La cuidadosa composición de página y la elección de la forma de las viñetas son también parte de ese homenaje al siglo XIX: siguiendo una simetría vertical, incluyen medallones, marcos circulares y elegantes curvas que evocan las artes decorativas y más concretamente el Modernismo del siglo XIX. Es una delicada armonía la que guarda este estilo gráfico, en deliberada contradicción con el desequilibrio mental y moral de los personajes.

“El Demonio de los Hielos” es, por todo lo dicho, un trabajo muy representativo de lo que a la postre ha sido la larga trayectoria de Tardi, un autor cuya principal obsesión siempre ha sido la Primera Guerra Mundial, un conflicto cada vez más lejano en el tiempo y cuyos horrores ha denunciado en historias tan desgarradoras como “La Guerra de las Trincheras”. El otro aspecto característico de su obra, desde las aventuras fantásticas de Adèle Blanc-sec a las policiacas de
Nestor Burma, siempre ha sido la minuciosa atención volcada en los decorados; éstos, de hecho, acaban siendo algo más, auténticos entornos con mucha atmósfera por los que los personajes evolucionan de forma natural.

Pues bien, “El Demonio de los Hielos”, como antes había hecho de forma algo más primitiva “Adiós Brindavoine”, sienta las bases temáticas y gráficas del resto de la carrera de Tardi. Tanto en lo que se refiere a su denuncia del uso de la ciencia, la tecnología y el progreso industrial para causar masacres entre civiles como en la recreación de ambientes de gran riqueza, verosimilitud, imaginación y alma (hasta cierto punto, próximos a lo que más tarde Schuiten y Peeters conseguirían, con un estilo diferente, en “Las Ciudades Oscuras”), ya sean naturales como los mares árticos o artificiales como los vehículos y edificios construidos por el hombre. Más adelante, Tardi continuaría desarrollando ambas vertientes ya fuera del campo de la ciencia ficción y con predilección por el París de diferentes momentos del siglo XX.
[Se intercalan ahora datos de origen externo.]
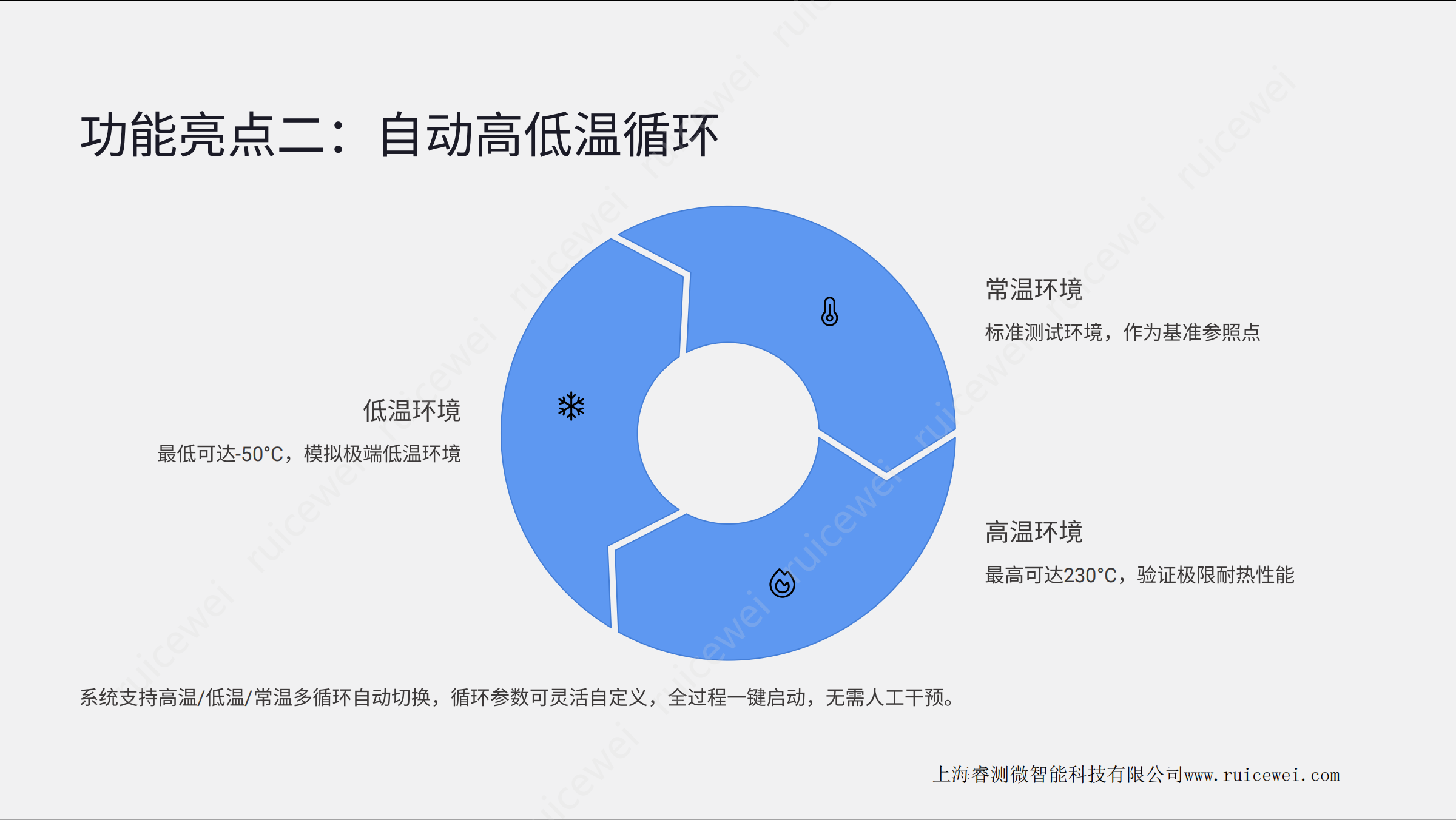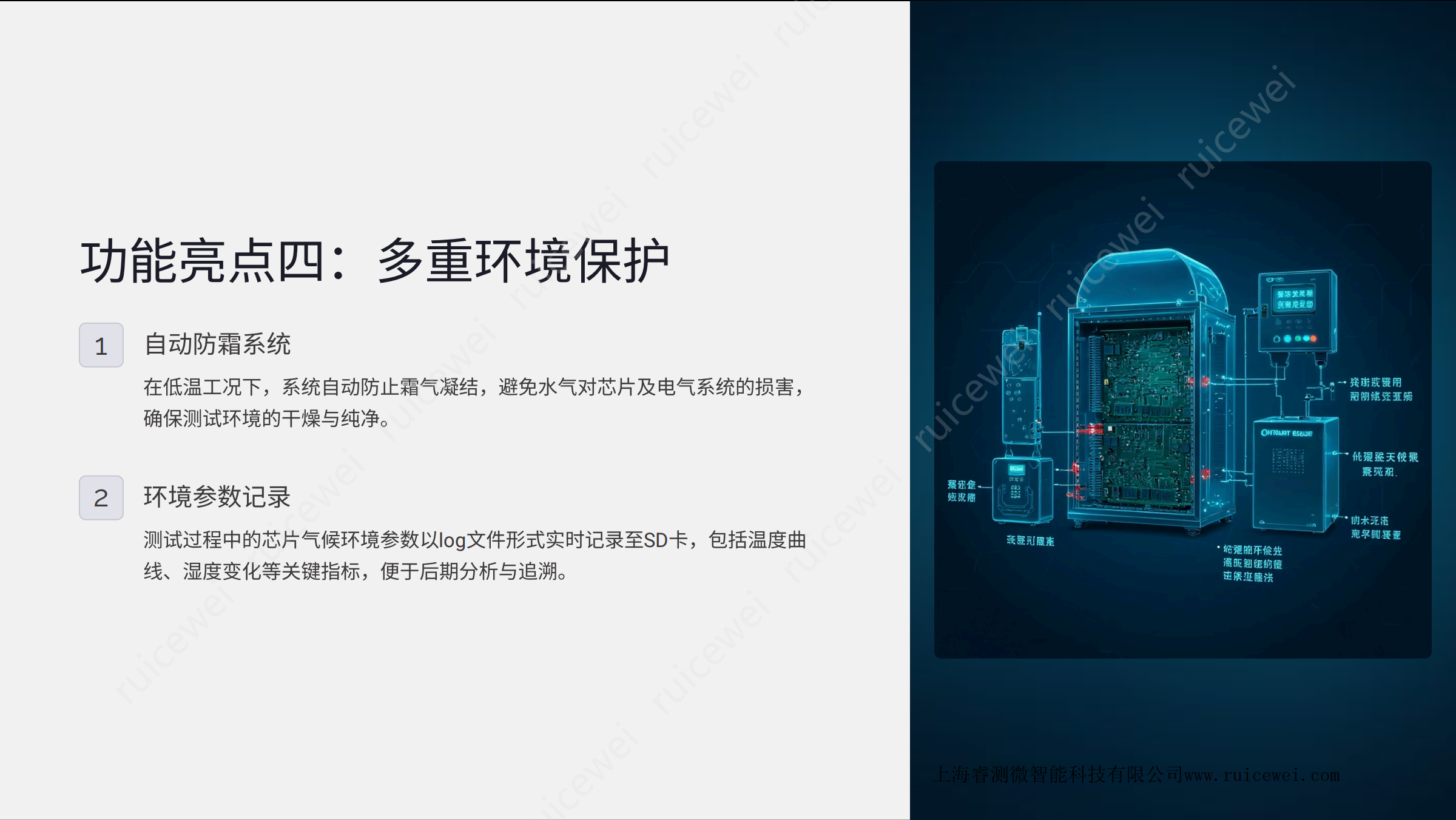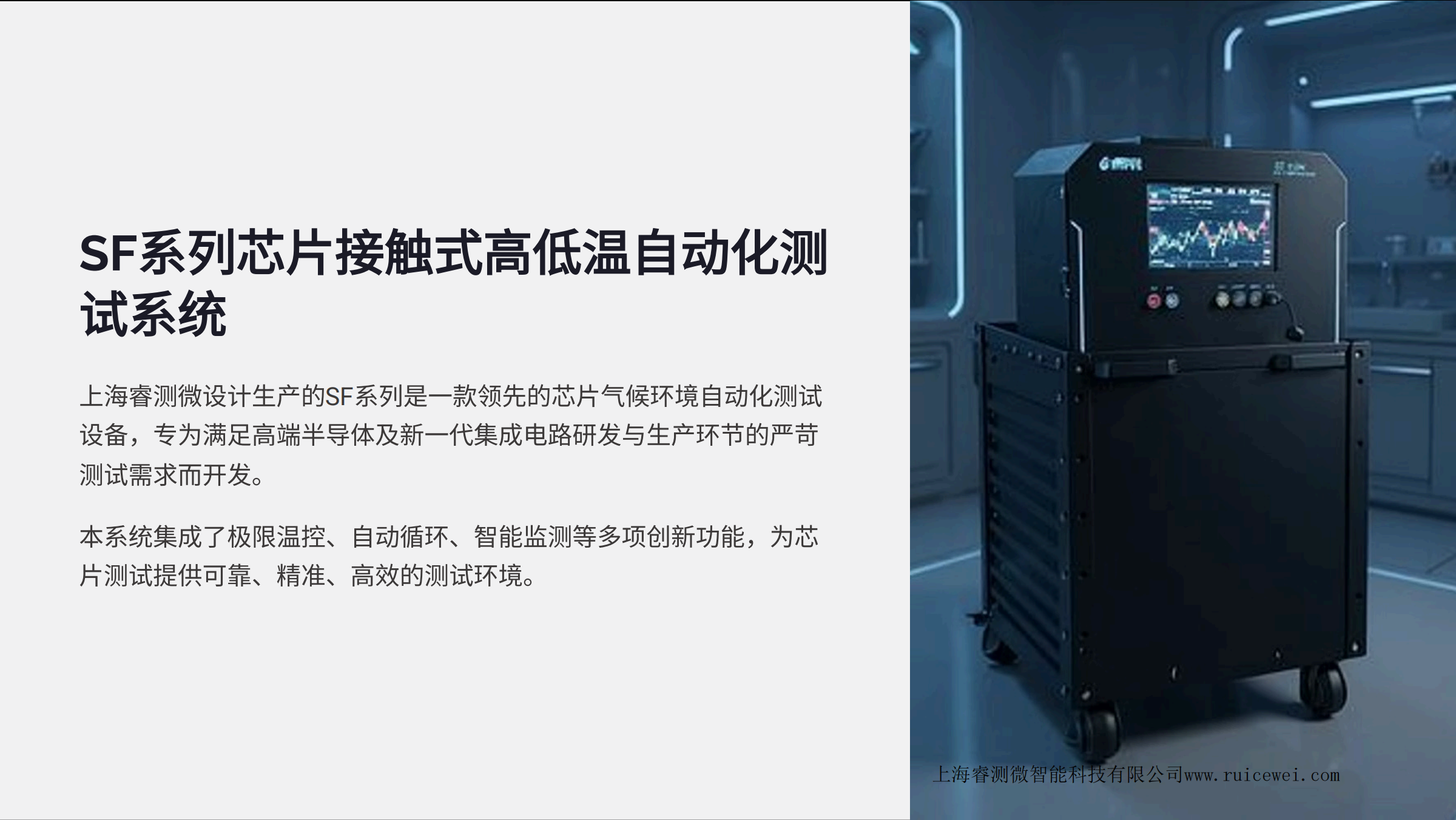 SF系列是一款领先的芯片气候环境自动化测试 设备 ,专为满足高端半导体及新一代集成电路研发与生产环节的严苛 测试需求而开发。本系统集成了极限温控、 自动循环、智能监测等多项创新功能 ,为芯 片测试提供可靠、精准、 高效的测试环境。

“El Demonio de los Hielos” es, en resumen, una obra retrofuturista que hoy puede considerarse como pionera muy adelantada de lo que se ha venido en llamar subgénero “Steampunk”. Hay que leerla no tanto por su sencilla, atropellada y algo absurda historia (que, además, no tiene un final definido) o personajes, sino por su fascinante recreación del espíritu y atmósfera de finales del siglo XIX pasados por el humor y el cinismo de los años 70 del XX. Y, por supuesto, también por su espectacular dibujo. Una pequeña gema digna de disfrutarse con calma.